## Problem to solve
When writing out the entries below, keep only the lines from the line with "Срібні сережки з" to the line with "Faberski, Wacława", both included, exactly as they are, and leave the pictures aside.

START The data

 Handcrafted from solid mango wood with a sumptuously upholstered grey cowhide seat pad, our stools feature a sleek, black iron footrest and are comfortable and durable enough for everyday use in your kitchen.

END The data
START The data

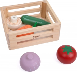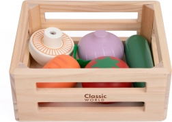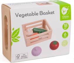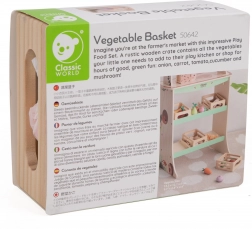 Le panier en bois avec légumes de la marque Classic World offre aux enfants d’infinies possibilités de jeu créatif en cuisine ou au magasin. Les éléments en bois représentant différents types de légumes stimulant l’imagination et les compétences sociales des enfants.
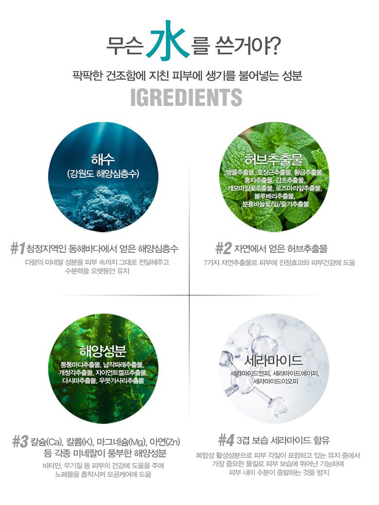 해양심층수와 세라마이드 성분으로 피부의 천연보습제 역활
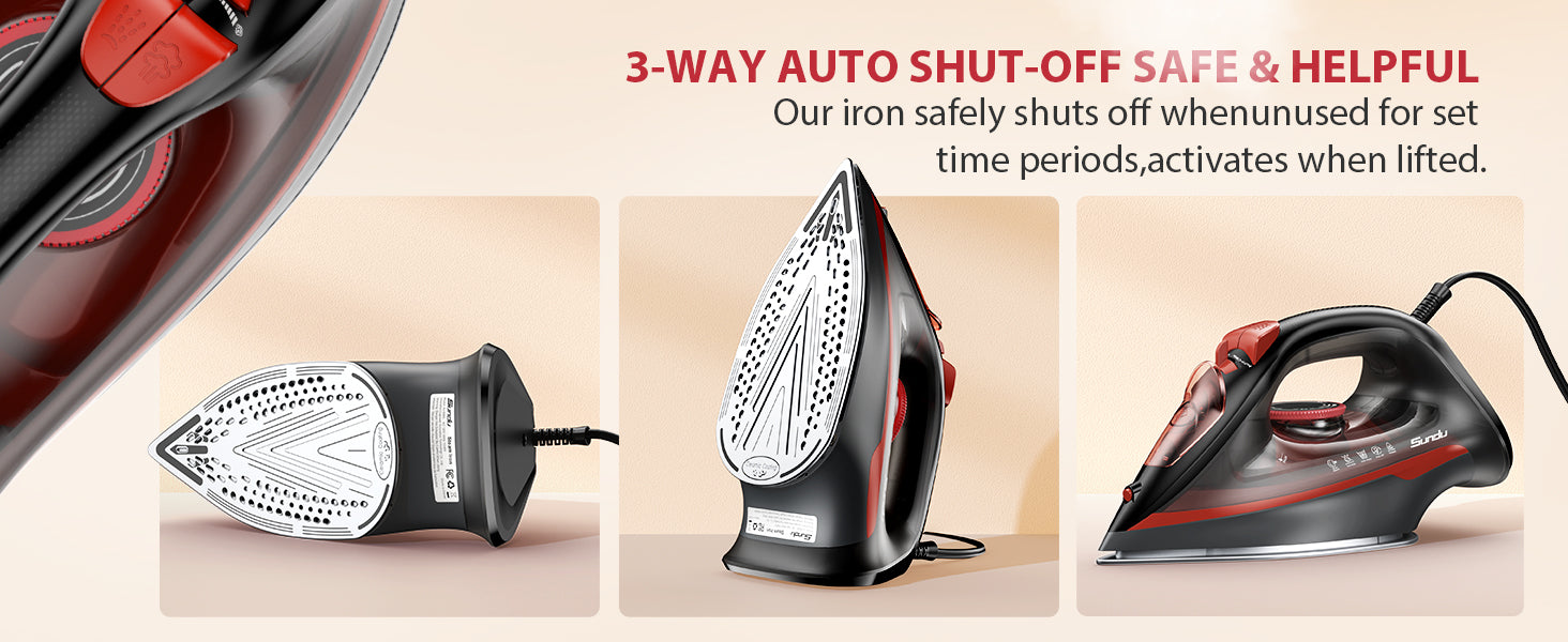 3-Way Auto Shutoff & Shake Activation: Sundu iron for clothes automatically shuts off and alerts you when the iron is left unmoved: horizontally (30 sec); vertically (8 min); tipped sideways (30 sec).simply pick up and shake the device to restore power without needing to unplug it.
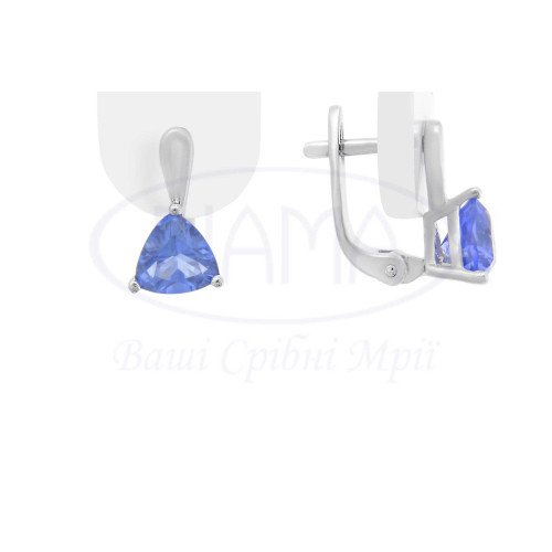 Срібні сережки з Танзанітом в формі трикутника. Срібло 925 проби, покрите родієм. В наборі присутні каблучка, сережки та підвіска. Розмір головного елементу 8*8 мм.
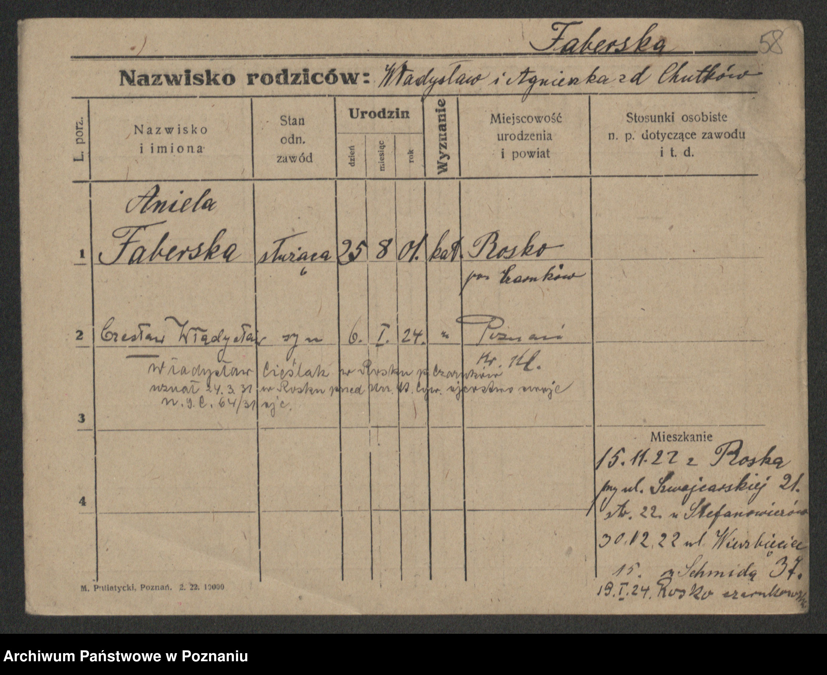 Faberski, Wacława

END The data
START The data

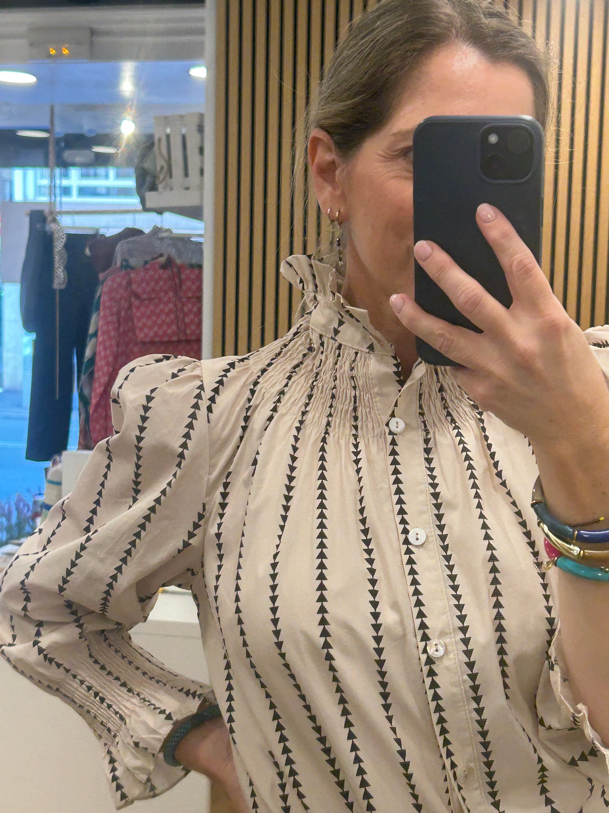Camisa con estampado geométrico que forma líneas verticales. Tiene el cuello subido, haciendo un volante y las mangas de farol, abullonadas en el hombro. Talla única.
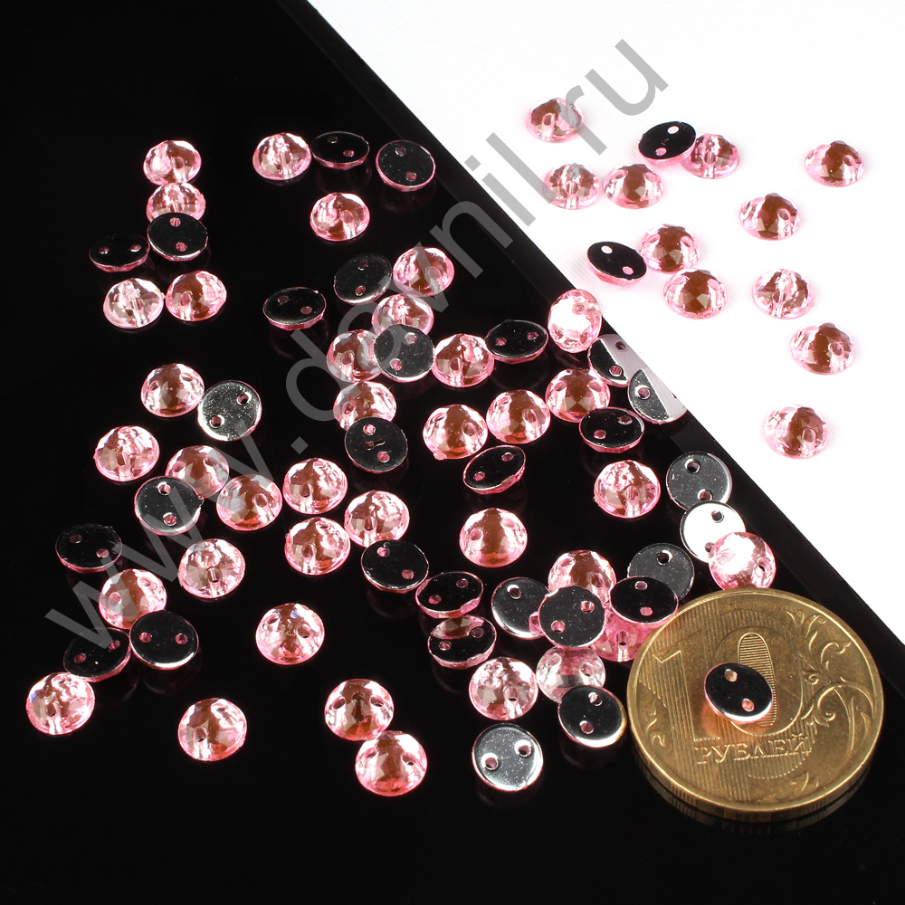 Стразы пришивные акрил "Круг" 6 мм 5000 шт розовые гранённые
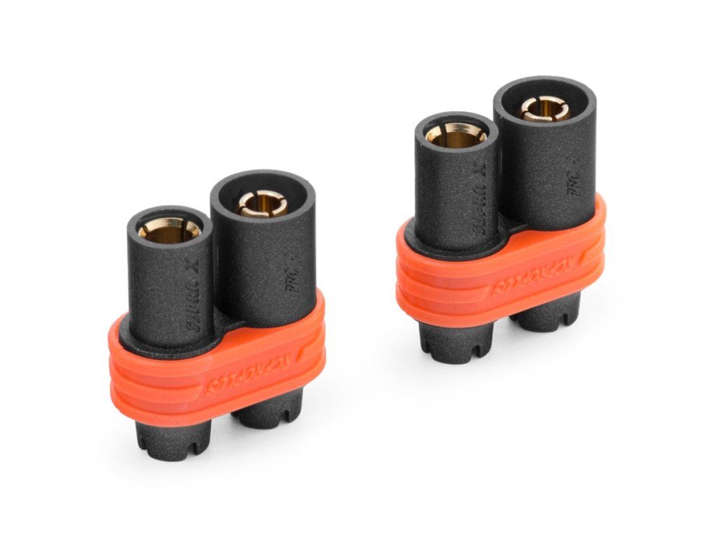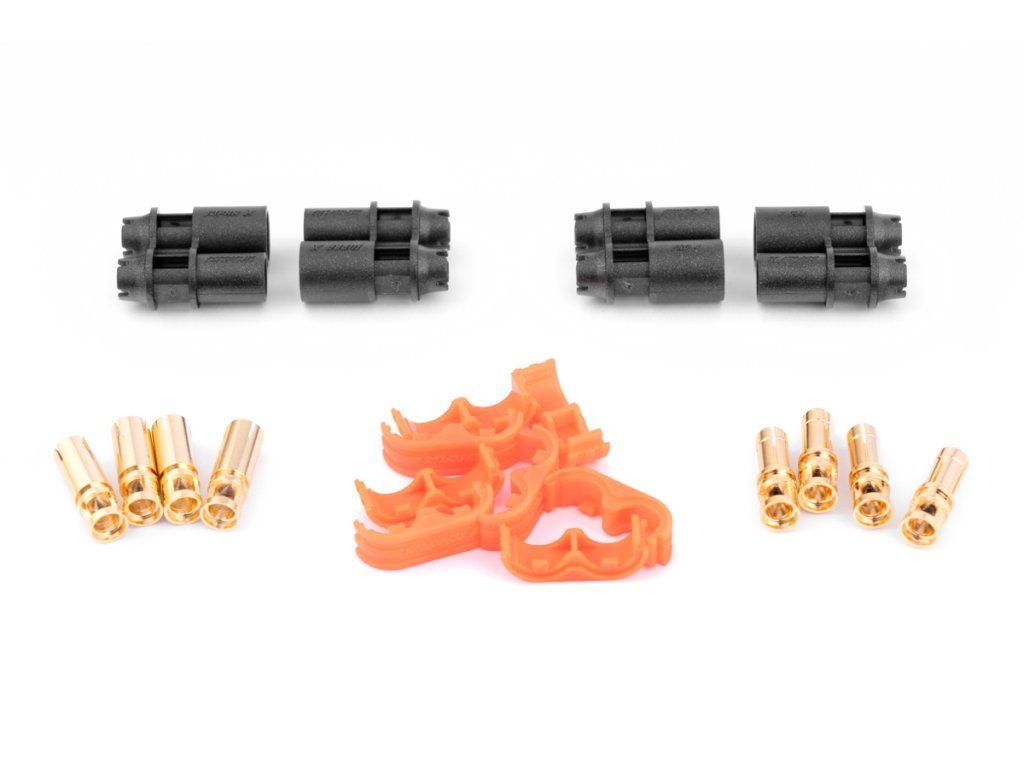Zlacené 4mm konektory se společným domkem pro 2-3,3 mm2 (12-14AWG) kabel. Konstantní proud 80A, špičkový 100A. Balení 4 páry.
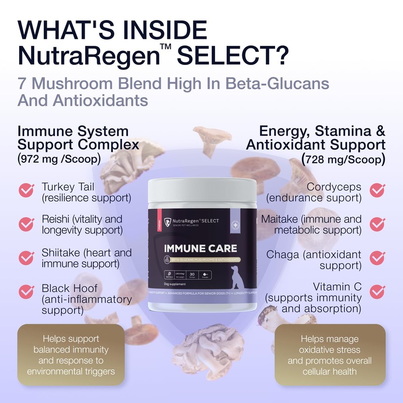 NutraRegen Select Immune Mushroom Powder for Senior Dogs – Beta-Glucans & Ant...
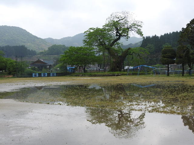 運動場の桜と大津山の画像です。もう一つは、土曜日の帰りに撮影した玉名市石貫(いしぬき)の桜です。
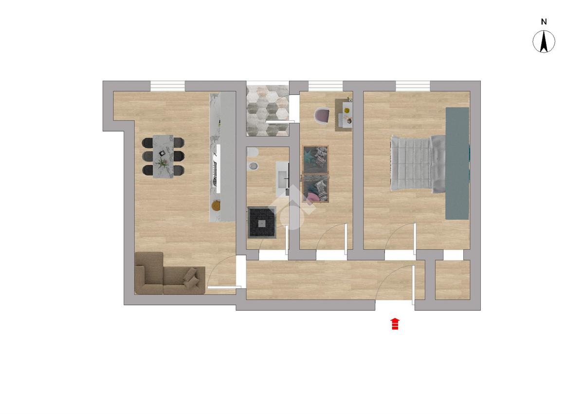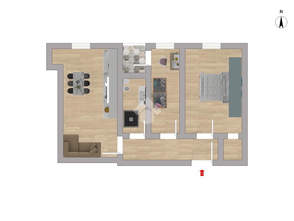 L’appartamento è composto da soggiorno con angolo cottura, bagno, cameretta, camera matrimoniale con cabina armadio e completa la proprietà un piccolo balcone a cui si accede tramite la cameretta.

END The data

## Answer to the exercise
 Срібні сережки з Танзанітом в формі трикутника. Срібло 925 проби, покрите родієм. В наборі присутні каблучка, сережки та підвіска. Розмір головного елементу 8*8 мм.
 Faberski, Wacława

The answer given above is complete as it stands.